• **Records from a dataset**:
┄┄┄┄┄┄┄┄┄┄
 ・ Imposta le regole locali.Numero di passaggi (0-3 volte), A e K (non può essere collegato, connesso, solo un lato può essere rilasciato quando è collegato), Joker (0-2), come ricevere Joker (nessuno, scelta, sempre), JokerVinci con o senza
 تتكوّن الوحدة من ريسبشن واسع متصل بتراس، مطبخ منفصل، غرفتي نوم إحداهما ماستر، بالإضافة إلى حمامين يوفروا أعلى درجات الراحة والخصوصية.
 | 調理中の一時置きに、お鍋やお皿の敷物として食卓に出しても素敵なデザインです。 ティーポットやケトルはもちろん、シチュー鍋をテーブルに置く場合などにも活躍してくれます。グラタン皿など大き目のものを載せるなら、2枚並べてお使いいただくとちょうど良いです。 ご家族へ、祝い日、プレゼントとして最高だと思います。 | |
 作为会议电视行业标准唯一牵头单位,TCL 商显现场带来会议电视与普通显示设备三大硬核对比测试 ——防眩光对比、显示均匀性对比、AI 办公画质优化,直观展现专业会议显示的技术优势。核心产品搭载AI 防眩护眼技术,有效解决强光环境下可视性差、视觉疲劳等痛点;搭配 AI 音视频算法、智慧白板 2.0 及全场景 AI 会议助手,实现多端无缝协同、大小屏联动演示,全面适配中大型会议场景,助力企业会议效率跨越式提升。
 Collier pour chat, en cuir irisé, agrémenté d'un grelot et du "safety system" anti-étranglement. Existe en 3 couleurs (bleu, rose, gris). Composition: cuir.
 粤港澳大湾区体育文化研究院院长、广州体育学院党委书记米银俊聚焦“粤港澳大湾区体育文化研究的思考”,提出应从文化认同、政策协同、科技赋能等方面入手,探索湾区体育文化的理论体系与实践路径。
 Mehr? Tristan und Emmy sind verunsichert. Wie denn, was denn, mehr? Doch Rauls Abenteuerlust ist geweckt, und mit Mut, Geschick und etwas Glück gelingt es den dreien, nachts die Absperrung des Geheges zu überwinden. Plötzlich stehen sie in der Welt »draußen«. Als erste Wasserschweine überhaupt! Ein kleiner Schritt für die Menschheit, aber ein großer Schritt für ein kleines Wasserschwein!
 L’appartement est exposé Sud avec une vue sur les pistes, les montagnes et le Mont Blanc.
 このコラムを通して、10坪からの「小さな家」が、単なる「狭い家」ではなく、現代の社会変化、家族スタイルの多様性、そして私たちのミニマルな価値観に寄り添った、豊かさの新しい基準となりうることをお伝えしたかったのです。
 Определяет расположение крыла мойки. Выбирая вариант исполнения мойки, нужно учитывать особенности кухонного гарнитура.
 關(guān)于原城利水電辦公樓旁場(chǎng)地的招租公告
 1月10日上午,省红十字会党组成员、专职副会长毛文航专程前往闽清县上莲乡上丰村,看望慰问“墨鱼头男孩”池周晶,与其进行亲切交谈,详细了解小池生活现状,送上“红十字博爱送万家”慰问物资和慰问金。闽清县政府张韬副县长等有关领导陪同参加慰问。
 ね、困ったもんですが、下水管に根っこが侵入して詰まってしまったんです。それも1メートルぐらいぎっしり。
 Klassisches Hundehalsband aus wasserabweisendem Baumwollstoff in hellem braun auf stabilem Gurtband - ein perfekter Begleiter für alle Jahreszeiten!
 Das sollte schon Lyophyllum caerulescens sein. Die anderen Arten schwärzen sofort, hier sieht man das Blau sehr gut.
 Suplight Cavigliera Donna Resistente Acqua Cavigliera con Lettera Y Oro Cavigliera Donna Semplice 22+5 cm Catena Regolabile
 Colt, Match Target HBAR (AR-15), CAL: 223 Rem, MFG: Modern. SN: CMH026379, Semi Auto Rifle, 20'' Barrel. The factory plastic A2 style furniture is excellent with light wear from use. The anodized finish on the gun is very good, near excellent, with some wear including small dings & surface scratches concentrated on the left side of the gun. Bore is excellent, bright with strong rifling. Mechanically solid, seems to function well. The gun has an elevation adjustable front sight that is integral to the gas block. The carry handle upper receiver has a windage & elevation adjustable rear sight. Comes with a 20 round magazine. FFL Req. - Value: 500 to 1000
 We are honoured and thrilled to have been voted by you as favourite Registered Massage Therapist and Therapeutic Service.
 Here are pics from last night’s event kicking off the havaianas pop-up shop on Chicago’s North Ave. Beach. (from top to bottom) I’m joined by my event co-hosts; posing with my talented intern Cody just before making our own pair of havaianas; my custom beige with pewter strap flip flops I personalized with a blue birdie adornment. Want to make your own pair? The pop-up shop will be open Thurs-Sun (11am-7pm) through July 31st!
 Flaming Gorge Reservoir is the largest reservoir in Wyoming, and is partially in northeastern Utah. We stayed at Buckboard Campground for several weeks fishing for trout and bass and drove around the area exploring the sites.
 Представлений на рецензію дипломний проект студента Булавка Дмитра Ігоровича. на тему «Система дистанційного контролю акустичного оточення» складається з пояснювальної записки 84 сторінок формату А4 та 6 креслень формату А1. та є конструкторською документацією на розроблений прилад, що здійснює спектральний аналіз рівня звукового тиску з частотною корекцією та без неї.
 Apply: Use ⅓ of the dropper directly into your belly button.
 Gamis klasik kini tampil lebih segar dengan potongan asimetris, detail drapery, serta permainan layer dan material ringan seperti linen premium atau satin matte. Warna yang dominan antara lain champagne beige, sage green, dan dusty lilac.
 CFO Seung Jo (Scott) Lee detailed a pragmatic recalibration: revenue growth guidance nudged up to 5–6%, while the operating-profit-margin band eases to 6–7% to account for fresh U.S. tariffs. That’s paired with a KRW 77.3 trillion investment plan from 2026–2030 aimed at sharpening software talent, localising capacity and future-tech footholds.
┄┄┄┄┄┄┄┄┄┄
• **Exercise brief**:
Every line above from the line with "Klassisches Hundehalsband aus" to the line with "Suplight Cavigliera Donna" is wanted, ends included; write them out exactly and add no other line.

• **Solution to this task**:
 Klassisches Hundehalsband aus wasserabweisendem Baumwollstoff in hellem braun auf stabilem Gurtband - ein perfekter Begleiter für alle Jahreszeiten!
 Das sollte schon Lyophyllum caerulescens sein. Die anderen Arten schwärzen sofort, hier sieht man das Blau sehr gut.
 Suplight Cavigliera Donna Resistente Acqua Cavigliera con Lettera Y Oro Cavigliera Donna Semplice 22+5 cm Catena Regolabile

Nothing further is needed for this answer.